PROBLEM TO SOLVE: Extract the lines up to and including the one that contains "- SPEAR POINT", starting with the first line of the entries below, and omit the pictures.

DATA FOR THE TASK:
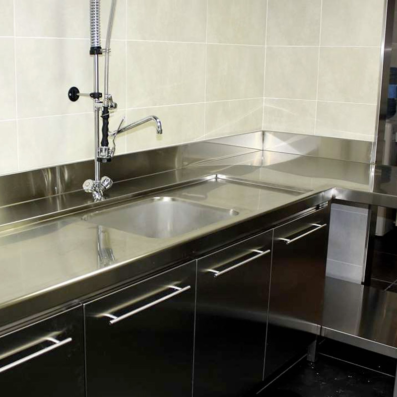 Algunos de los muebles más habituales en este tipo de cocinas con las mesas con fregadero de acero inoxidable. Son totalmente necesarios ya que sirven para fregar o aclarar los platos y vasos antes de pasarlos por el lavavajillas. Ha habido ocasiones en las que hemos tenido que fabricar un simple fregadero de acero inoxidable con patas, es decir, un fregadero con encimera y una estructura de cuatro patas. Los fregaderos de acero inoxidable sobre encimera se fabrican con una pliegue en forma de vierte aguas, que sirve para hacer que el agua acaba cayendo sobre el fregadero y que sirve además como guía para las bandejas que portan los vasos y platos y que acaban dentro del lavavajillas.
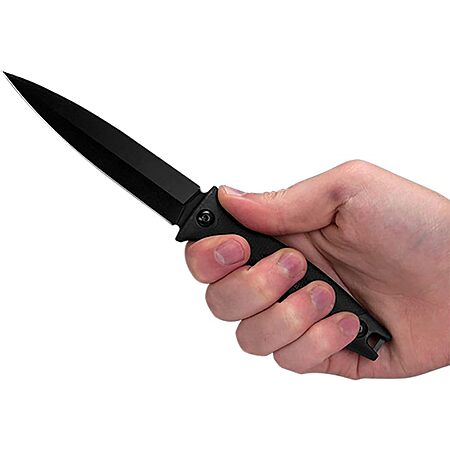 - SPEAR POINT PLAIN EDGE BLADE: Made from 8Cr13MoV steel that offers improved edge retention, strength and hardness. Black-oxide finish helps to hide scratches and gives the blade an industrial look.
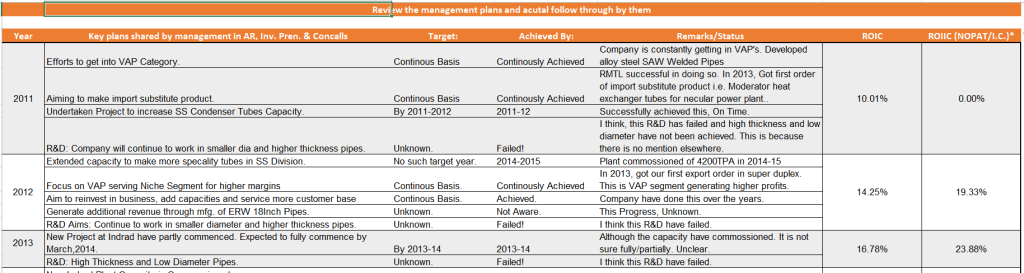 This is the most important aspect and forms core part of management analysis. Strike Rate is simply the number of promises fulfilled by management w.r.t. total promises given. We often hear management giving guidance regarding future plans, future achievable growth rates, etc. Through this analysis, we will get a probable future estimation of whether the management ambitions regarding future plants will be executed or not. This part is done through a simple yet very useful analysis which you will find on excel sheet, snapshot of which is:
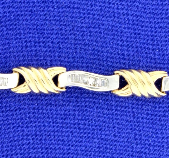 14k yellow and white gold diamond bracelet. 6 3/4 inches. 1.5ct TW of diamonds. G color/SI clarity. 11.2g
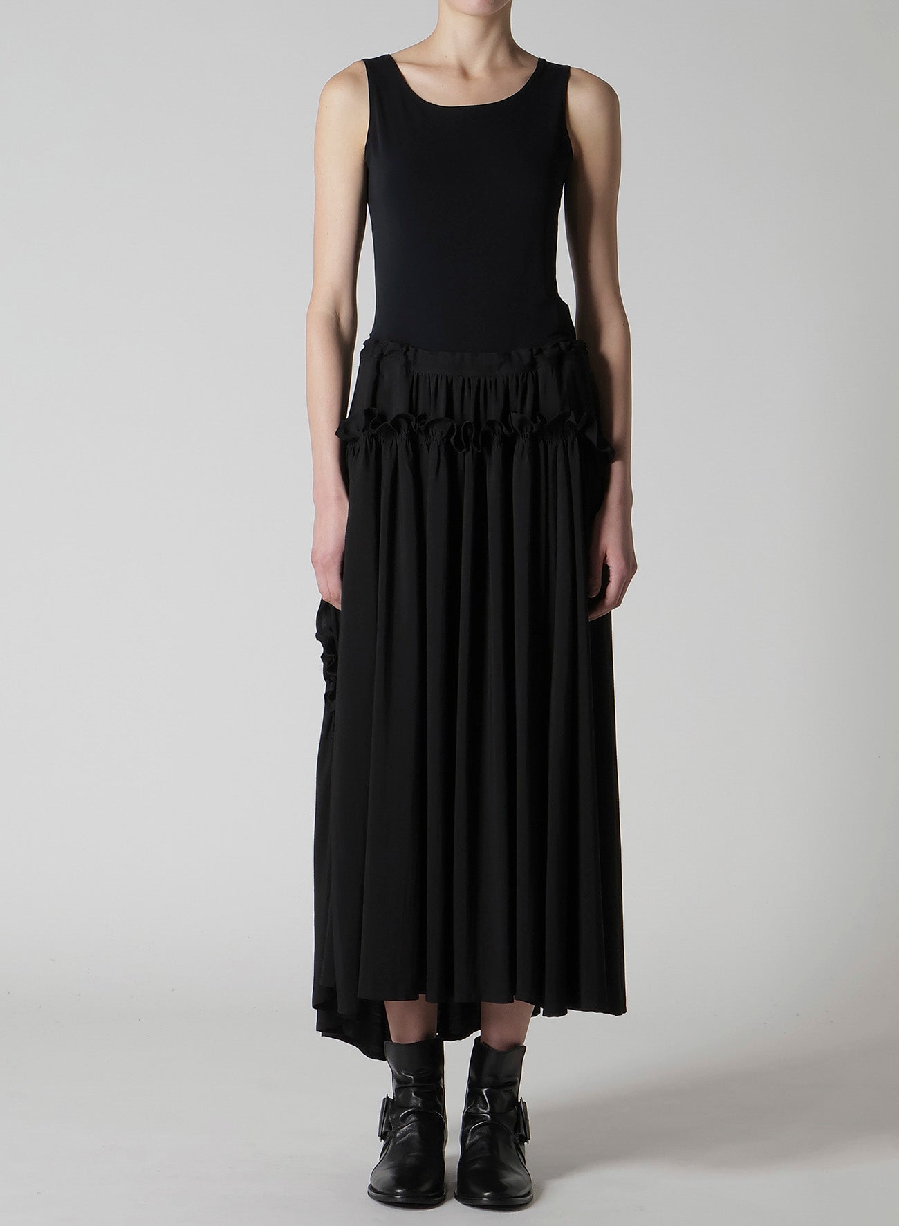 HARD-TWIST SERGE FRILL GATHER SKIRT
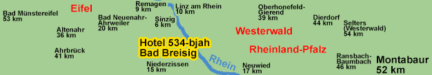 Kloster Eberbach (14 km), Eltville, Lorch, Wiesbaden, Mainz und Loreley.
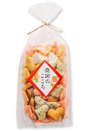 ひとつひとつがかわいいハート形の美味しいしょう油味のあられです。『感謝のこころ』のシールが貼られています。こちらの商品は、バレンタインの時期以外にも《お礼の気持ち》を年間を通じて御利用下さい。
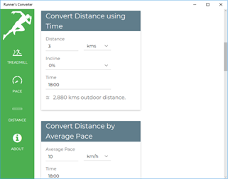 A simple converter program for runners made for fun and has following conversion capabilities: - Threadmill to Outdoor running conversion (gives an estimate outdoor running equivalent of your threadmill performance) - Pace Conversions - Distance Conversions
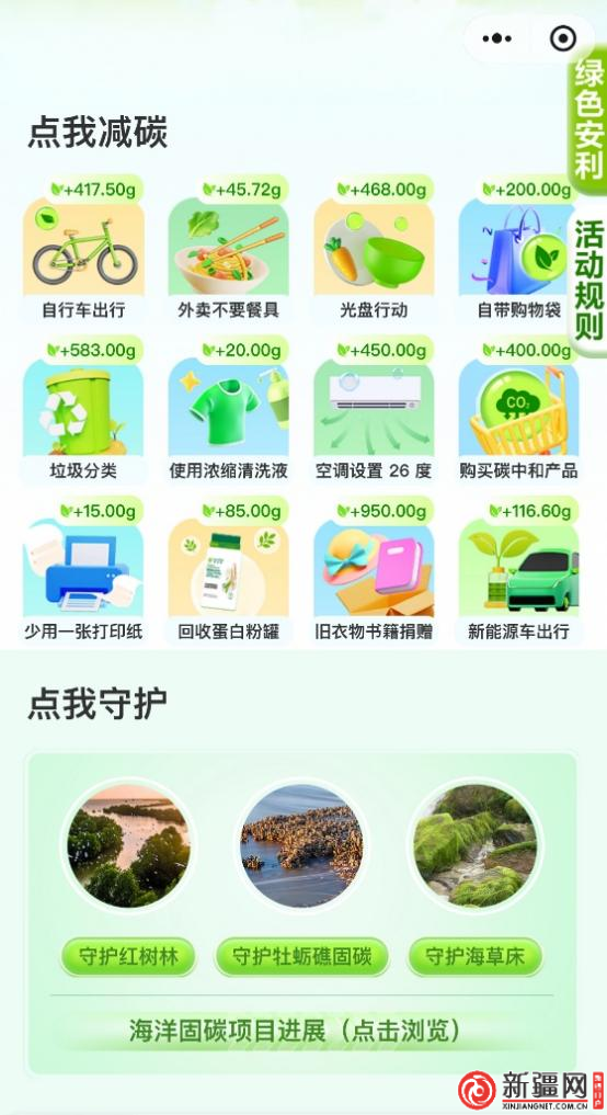 “安利個人碳賬本”小程序
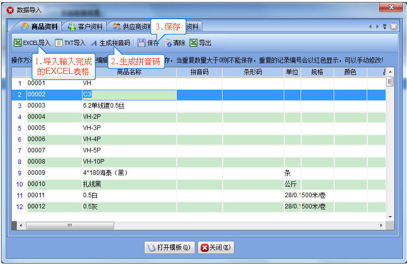 導(dǎo)入作用:代替前面手工單個貨品的建立,和庫存的開帳,可以一次導(dǎo)入所有的貨品資料,庫存等信息
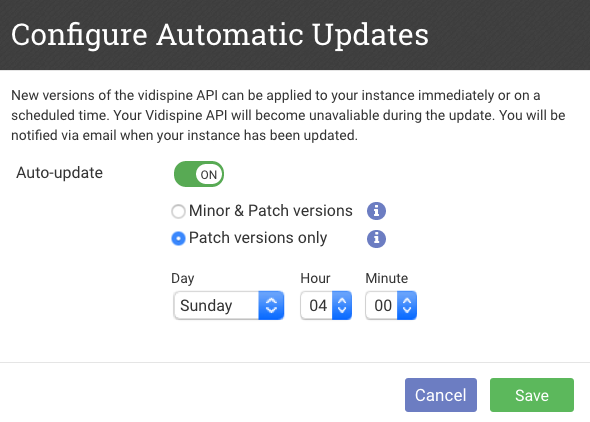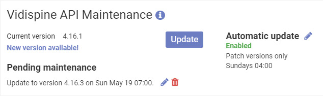 The maintenance panel pictured below is available in the Vidinet Dashboard on each of your services. When launching a new Vidispine API instance, our recommendation is that automatic updates is turned on for patch versions.
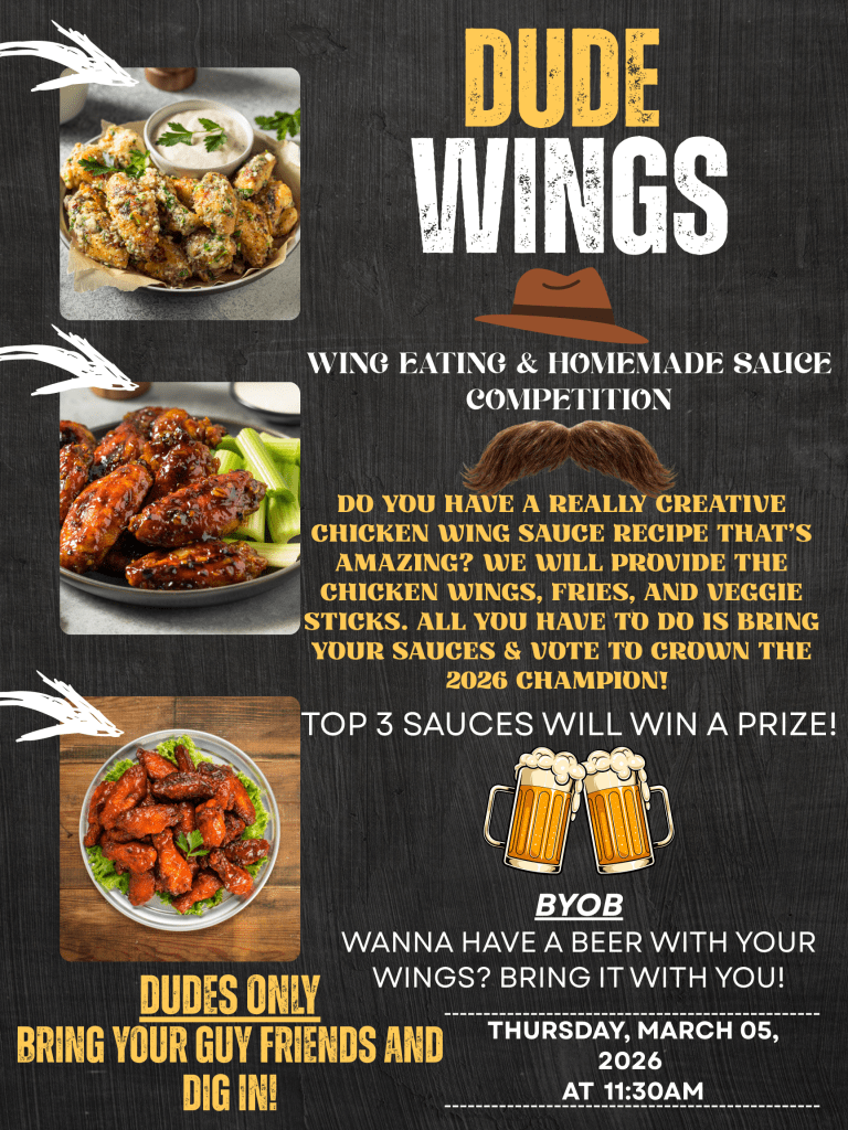 DUDE WINGS March 4, 2026Trails End Today’s the last day to sign up for DUDE WINGS, sign-up sheet is in the Main hall & will be picked up at 12:00pm Today !! Share this: Share on X (Opens in new window) X Share on Facebook (Opens in new window) Facebook Like Loading... Related
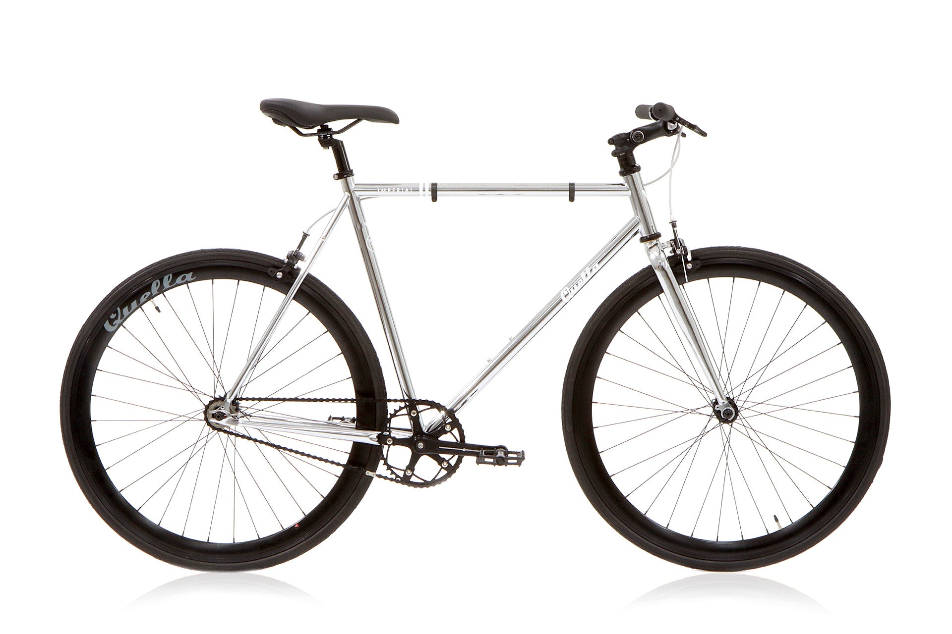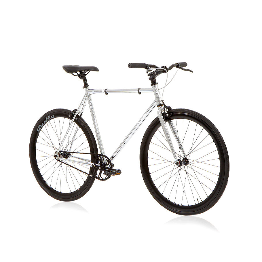 The Imperial is the same high specification 4130 chromoly frame as the Varsity but the frame is electroplated in chrome for a unique finish. Contrasting black wheels & components complete the look that will set you apart from the crowd. This quick, low maintenance bike is the ultimate headturner!
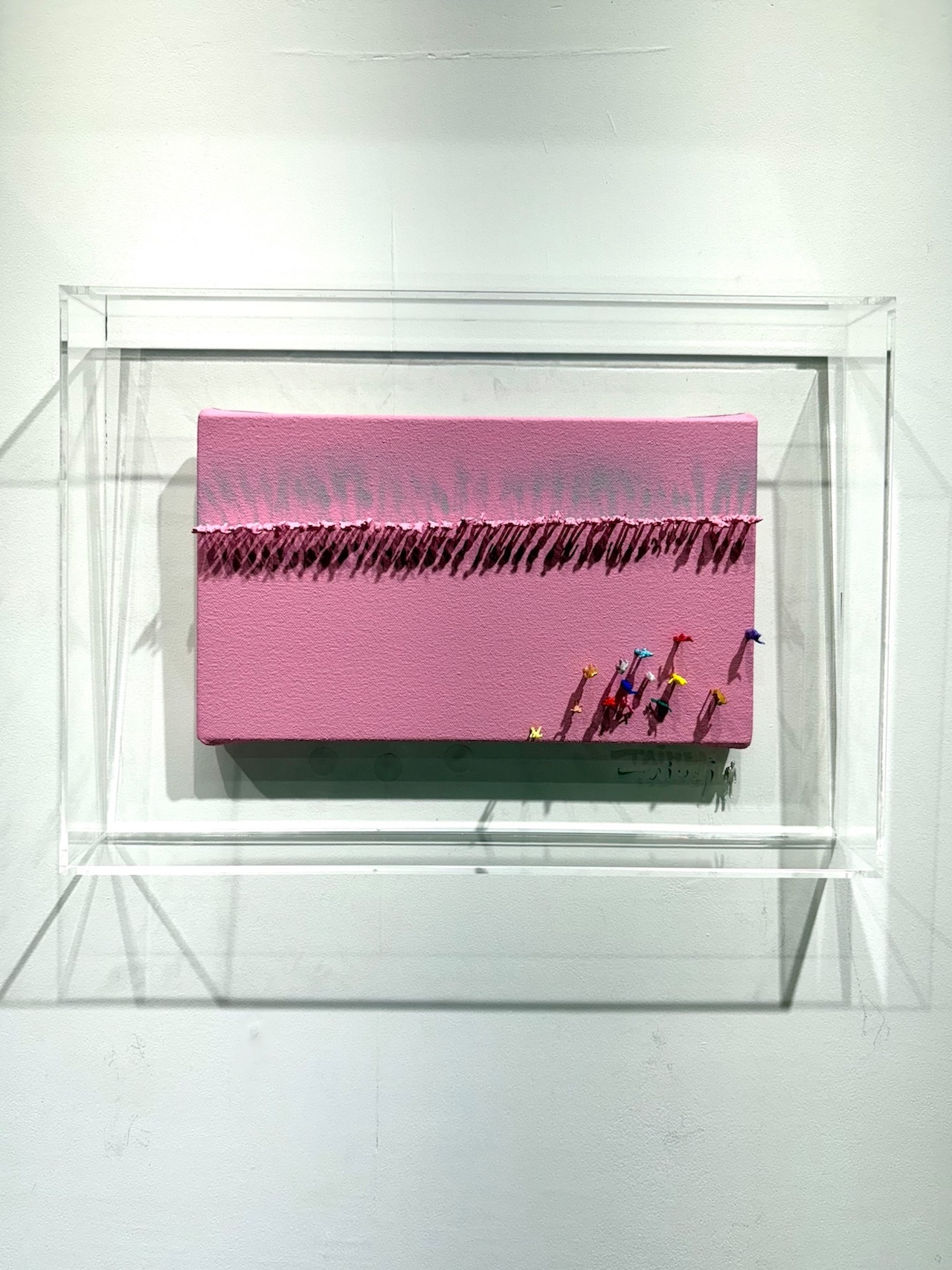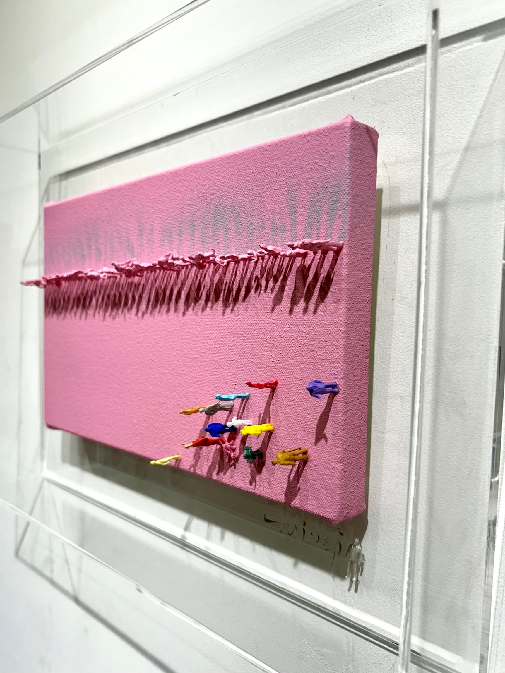 画面上部に並ぶ人々から立ち現れるグレーの影は、歴史の中に刻まれた人々の痕跡を意味している。

FINAL ANSWER:
 Algunos de los muebles más habituales en este tipo de cocinas con las mesas con fregadero de acero inoxidable. Son totalmente necesarios ya que sirven para fregar o aclarar los platos y vasos antes de pasarlos por el lavavajillas. Ha habido ocasiones en las que hemos tenido que fabricar un simple fregadero de acero inoxidable con patas, es decir, un fregadero con encimera y una estructura de cuatro patas. Los fregaderos de acero inoxidable sobre encimera se fabrican con una pliegue en forma de vierte aguas, que sirve para hacer que el agua acaba cayendo sobre el fregadero y que sirve además como guía para las bandejas que portan los vasos y platos y que acaban dentro del lavavajillas.
 - SPEAR POINT PLAIN EDGE BLADE: Made from 8Cr13MoV steel that offers improved edge retention, strength and hardness. Black-oxide finish helps to hide scratches and gives the blade an industrial look.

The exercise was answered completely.